Calvillo Y M, Alexander M
Department of Soil, Crop and Atmospheric Sciences, Cornell University, Ithaca, N.Y. 14853, USA.
Appl Microbiol Biotechnol. 1996 Apr;45(3):383-90. doi: 10.1007/s002530050700.
A microbial consortium mineralized biphenyl sorbed to polyacrylic beads faster than the slow rate at which much of the compound was desorbed. Pure cultures of bacteria isolated from the consortium mineralized biphenyl in solution but not the sorbed compound. However, combinations of two strains did degrade biphenyl. The consortium did not reduce the surface tension in media containing sorbed biphenyl or biphenyl in solution, and addition of synthetic and microbially produced surfactants to pure cultures did not result in utilization of sorbed biphenyl by isolates able to use the soluble molecule. Cells from the consortium that were attached to continuously washed beads degraded the substrate. We suggest that bacteria may act on sorbed compounds without the necessity of an initial desorption and that the mechanism may involve cells attached to the particles rather than the excretion of a surfactant.

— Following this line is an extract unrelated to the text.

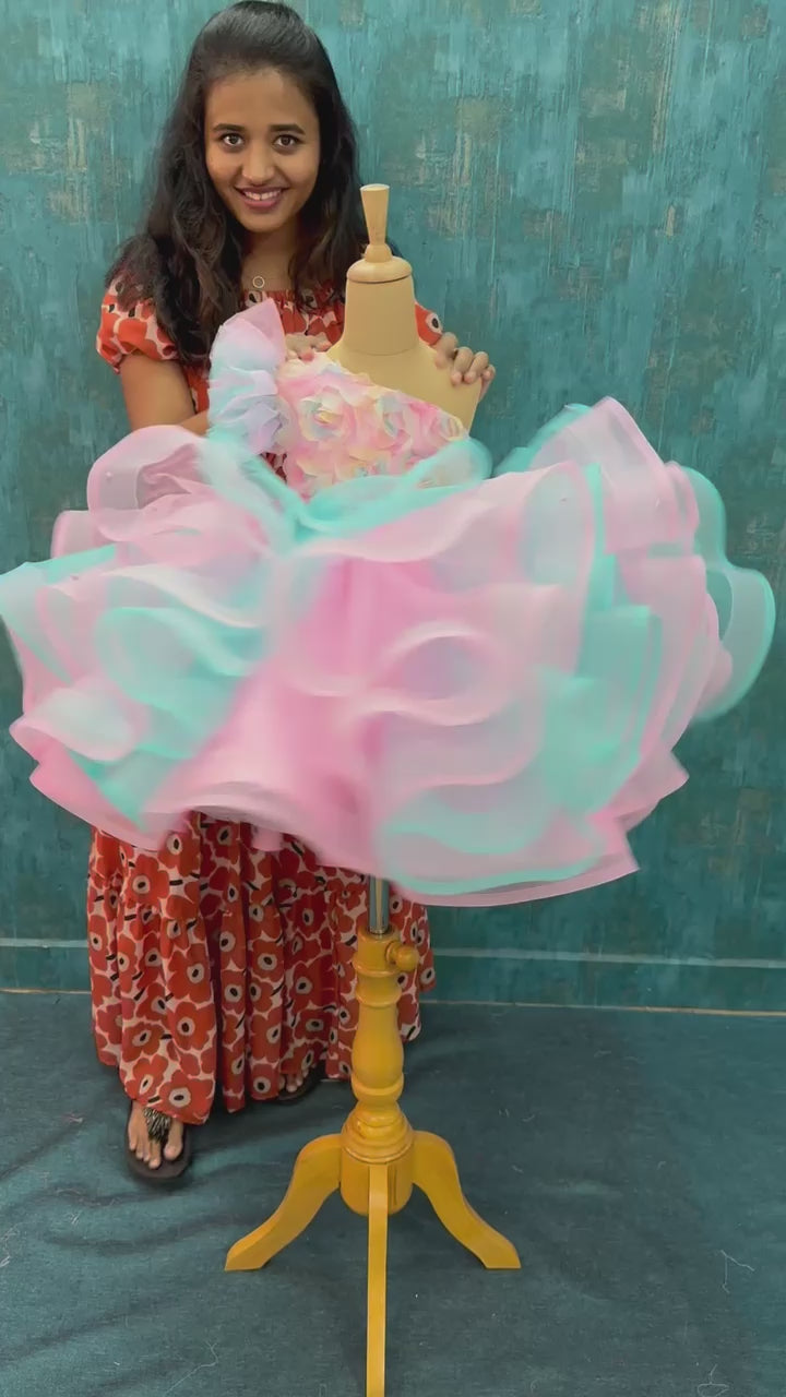 Pink and turquoise floral Ruffle Gown With One Side Shoulder — A whimsical creation straight from a fairy dream. Designed in delicate shades of pastel pink and aqua, this gown features a one-shoulder floral bodice adorned with soft rosettes that bloom with charm. The voluminous layered ruffles swirl like cotton candy clouds, adding bounce and magic to every twirl. Perfect for little fashion moments, this gown captures the sweetness of childhood with a boutique touch of elegance and playfulness.

一个微生物群落矿化吸附在聚丙烯酸珠上的联苯的速度,比该化合物大部分被解吸的缓慢速度要快。从该群落中分离出的纯细菌培养物能矿化溶液中的联苯,但不能矿化吸附的化合物。然而,两种菌株的组合确实能降解联苯。该群落不会降低含有吸附联苯或溶液中联苯的培养基的表面张力,并且向纯培养物中添加合成和微生物产生的表面活性剂,并不会使能够利用可溶性分子的分离菌株利用吸附的联苯。附着在持续洗涤的珠子上的群落细胞降解了底物。我们认为,细菌可能无需初始解吸就能作用于吸附的化合物,并且该机制可能涉及附着在颗粒上的细胞,而非表面活性剂的分泌。